Task » Starting at the line with "Zustandsbeschreibung der Ansichtskarte" and ending at the line with "Whether you’re feeling", print exactly the lines of the entries below. Pictures do not belong in the copy.

Records provided »

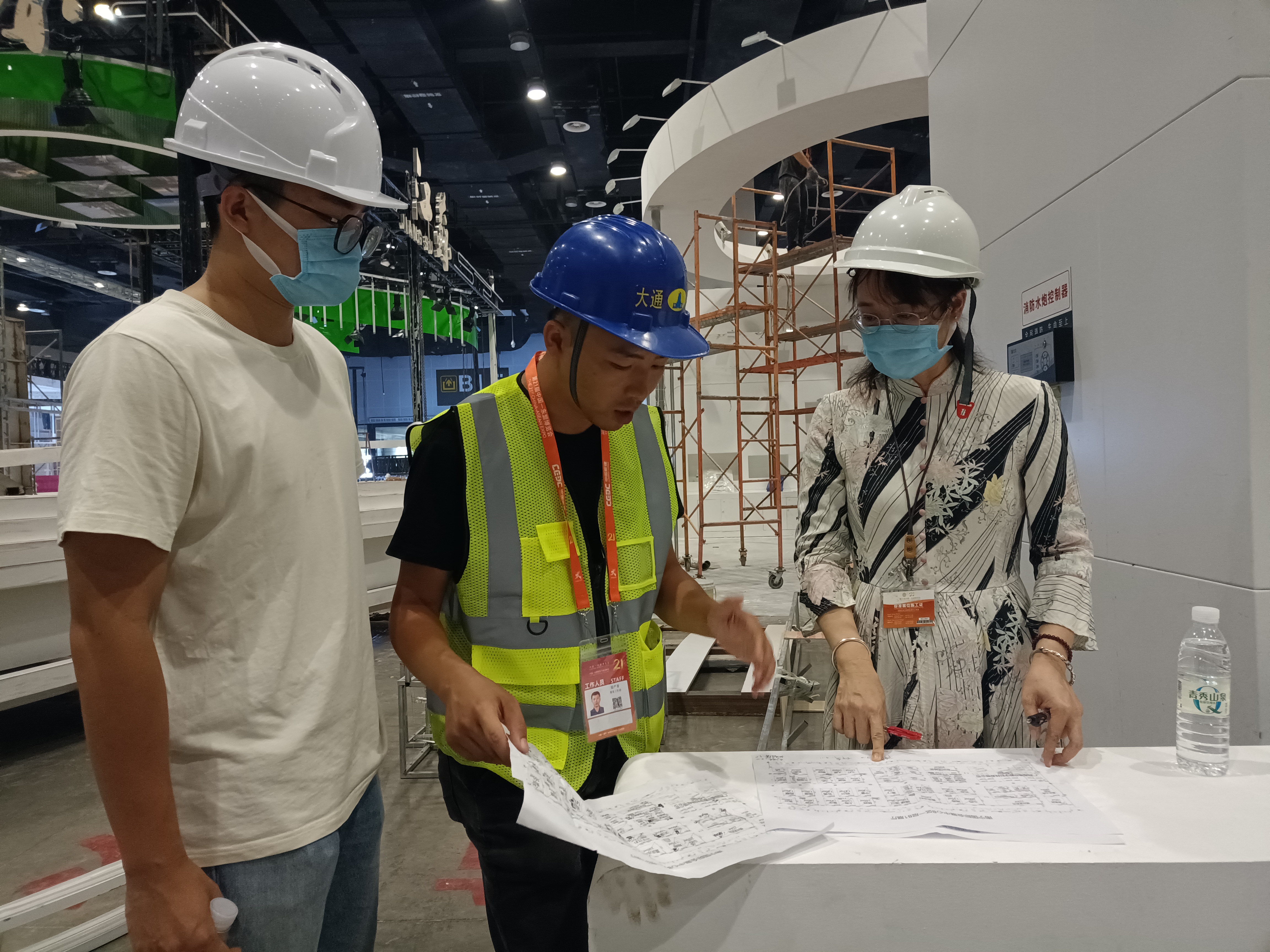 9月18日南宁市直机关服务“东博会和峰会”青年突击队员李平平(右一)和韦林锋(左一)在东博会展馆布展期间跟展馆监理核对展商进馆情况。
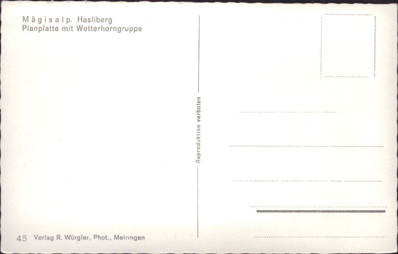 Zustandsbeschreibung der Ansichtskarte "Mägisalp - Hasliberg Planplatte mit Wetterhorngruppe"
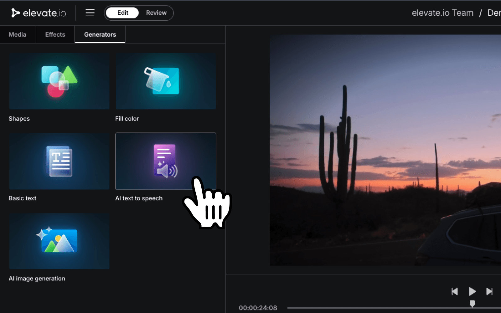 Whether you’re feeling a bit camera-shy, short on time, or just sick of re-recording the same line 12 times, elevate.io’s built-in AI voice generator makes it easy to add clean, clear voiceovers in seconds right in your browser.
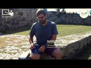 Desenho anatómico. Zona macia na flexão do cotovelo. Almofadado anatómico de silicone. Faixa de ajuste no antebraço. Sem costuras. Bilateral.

* * *

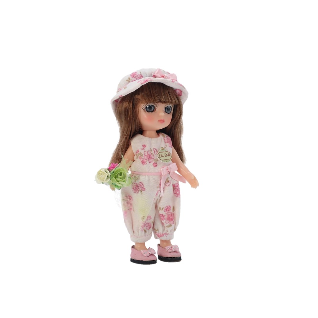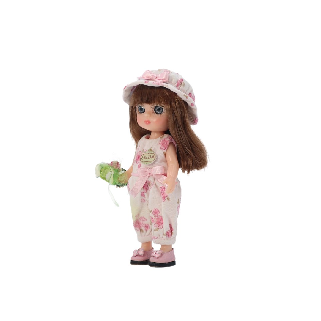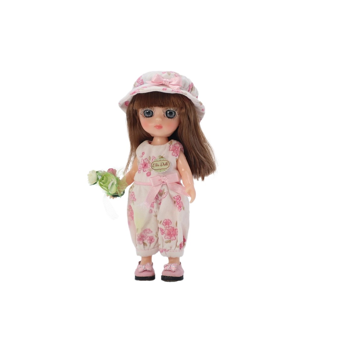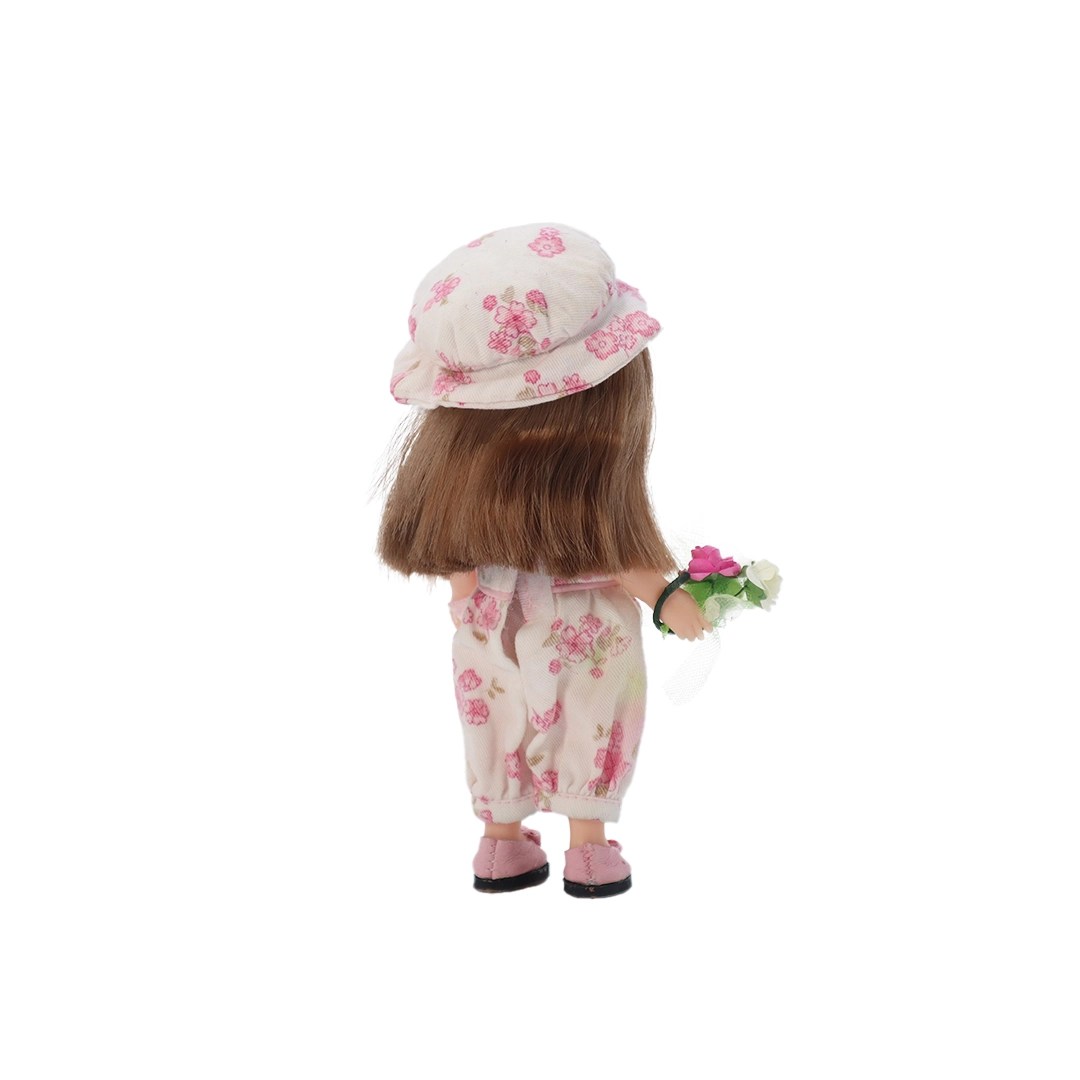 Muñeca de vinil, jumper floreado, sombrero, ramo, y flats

Result of this task »
 Zustandsbeschreibung der Ansichtskarte "Mägisalp - Hasliberg Planplatte mit Wetterhorngruppe"
 Whether you’re feeling a bit camera-shy, short on time, or just sick of re-recording the same line 12 times, elevate.io’s built-in AI voice generator makes it easy to add clean, clear voiceovers in seconds right in your browser.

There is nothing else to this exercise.